Task objective >> In the data below, find the line with "随后西安建筑科技大学交叉创新" and the line with "У музэйнай залі", then restate both and every line between them exactly, minus the pictures.

Provided material >>
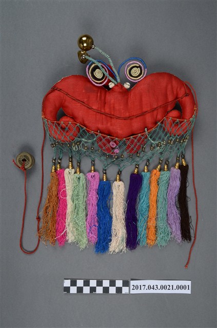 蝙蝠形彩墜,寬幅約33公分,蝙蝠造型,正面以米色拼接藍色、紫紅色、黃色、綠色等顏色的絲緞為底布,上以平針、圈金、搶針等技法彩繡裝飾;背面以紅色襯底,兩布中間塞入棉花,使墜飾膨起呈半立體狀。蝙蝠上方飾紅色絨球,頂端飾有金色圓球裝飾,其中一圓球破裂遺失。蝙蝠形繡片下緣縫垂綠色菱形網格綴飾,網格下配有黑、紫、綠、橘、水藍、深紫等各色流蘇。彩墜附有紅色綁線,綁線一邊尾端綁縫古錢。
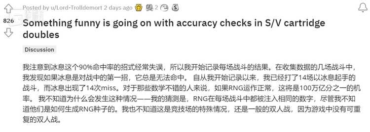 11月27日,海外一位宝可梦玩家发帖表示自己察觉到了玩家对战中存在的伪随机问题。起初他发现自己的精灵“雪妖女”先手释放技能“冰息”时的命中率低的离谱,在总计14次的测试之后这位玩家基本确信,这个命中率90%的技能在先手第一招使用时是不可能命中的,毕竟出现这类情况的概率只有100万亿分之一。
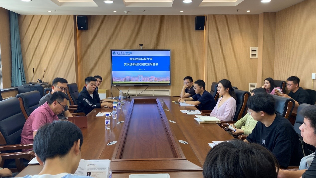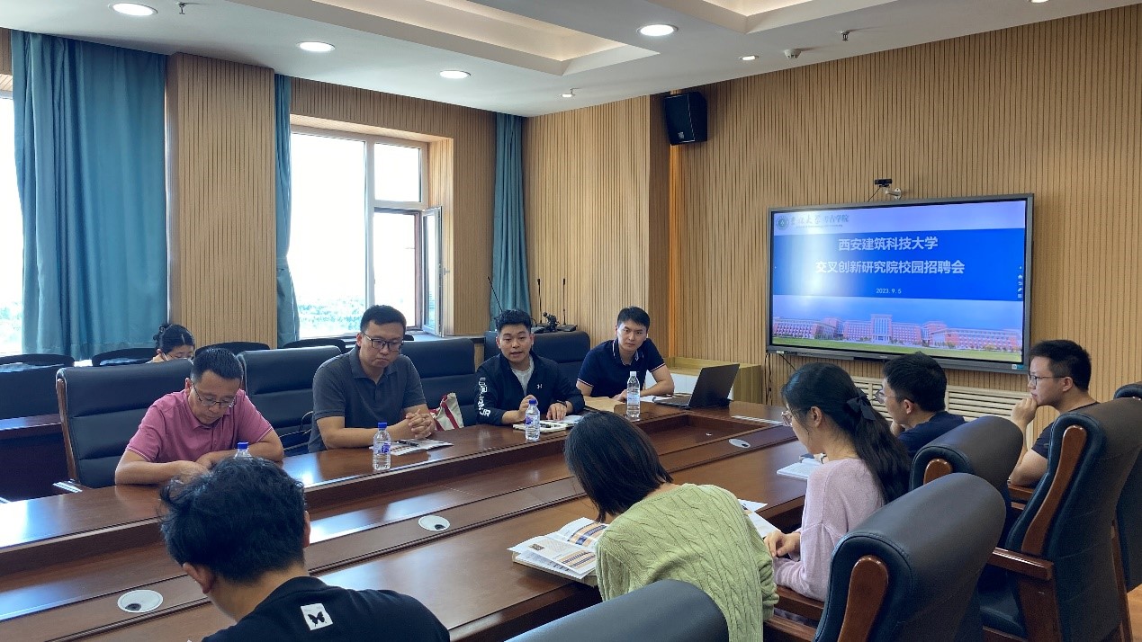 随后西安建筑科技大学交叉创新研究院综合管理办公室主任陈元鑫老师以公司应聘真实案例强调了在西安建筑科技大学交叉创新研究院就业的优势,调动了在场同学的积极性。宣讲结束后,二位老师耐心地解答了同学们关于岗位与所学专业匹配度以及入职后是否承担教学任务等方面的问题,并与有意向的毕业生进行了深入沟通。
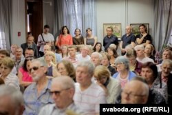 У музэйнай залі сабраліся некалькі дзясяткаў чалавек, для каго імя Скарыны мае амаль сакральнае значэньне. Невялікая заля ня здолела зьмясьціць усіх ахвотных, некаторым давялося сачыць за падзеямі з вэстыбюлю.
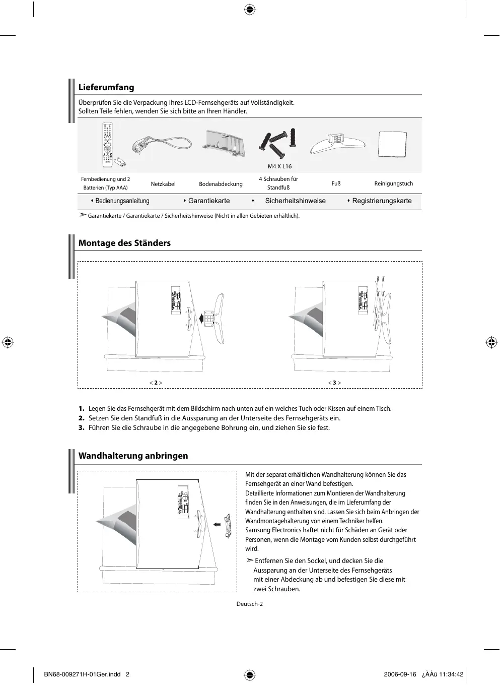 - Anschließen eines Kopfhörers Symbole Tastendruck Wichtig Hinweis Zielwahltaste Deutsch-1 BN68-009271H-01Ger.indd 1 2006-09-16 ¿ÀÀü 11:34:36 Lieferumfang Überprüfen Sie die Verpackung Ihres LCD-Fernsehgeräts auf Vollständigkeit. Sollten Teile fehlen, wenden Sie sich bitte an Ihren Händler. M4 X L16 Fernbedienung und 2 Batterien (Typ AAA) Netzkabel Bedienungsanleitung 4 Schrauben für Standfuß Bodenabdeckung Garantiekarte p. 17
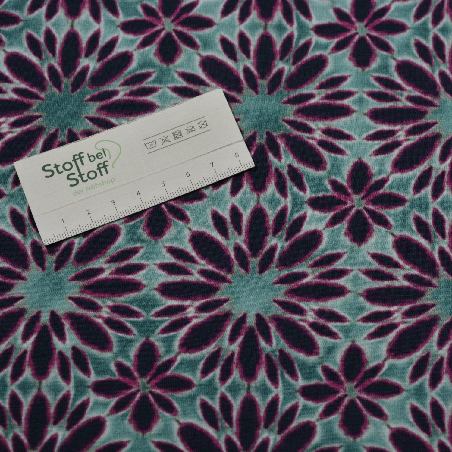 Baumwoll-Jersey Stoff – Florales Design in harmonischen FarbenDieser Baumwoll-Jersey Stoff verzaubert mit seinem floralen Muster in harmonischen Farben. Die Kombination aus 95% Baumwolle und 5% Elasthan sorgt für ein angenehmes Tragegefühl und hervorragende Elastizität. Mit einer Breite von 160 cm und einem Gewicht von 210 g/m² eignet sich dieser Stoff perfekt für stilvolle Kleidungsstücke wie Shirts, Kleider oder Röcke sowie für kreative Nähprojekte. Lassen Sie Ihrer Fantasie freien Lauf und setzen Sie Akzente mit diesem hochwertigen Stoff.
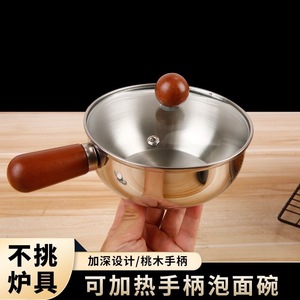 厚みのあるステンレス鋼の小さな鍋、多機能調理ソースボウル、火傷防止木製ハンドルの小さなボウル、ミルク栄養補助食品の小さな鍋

Response for this exercise >>
 随后西安建筑科技大学交叉创新研究院综合管理办公室主任陈元鑫老师以公司应聘真实案例强调了在西安建筑科技大学交叉创新研究院就业的优势,调动了在场同学的积极性。宣讲结束后,二位老师耐心地解答了同学们关于岗位与所学专业匹配度以及入职后是否承担教学任务等方面的问题,并与有意向的毕业生进行了深入沟通。
 У музэйнай залі сабраліся некалькі дзясяткаў чалавек, для каго імя Скарыны мае амаль сакральнае значэньне. Невялікая заля ня здолела зьмясьціць усіх ахвотных, некаторым давялося сачыць за падзеямі з вэстыбюлю.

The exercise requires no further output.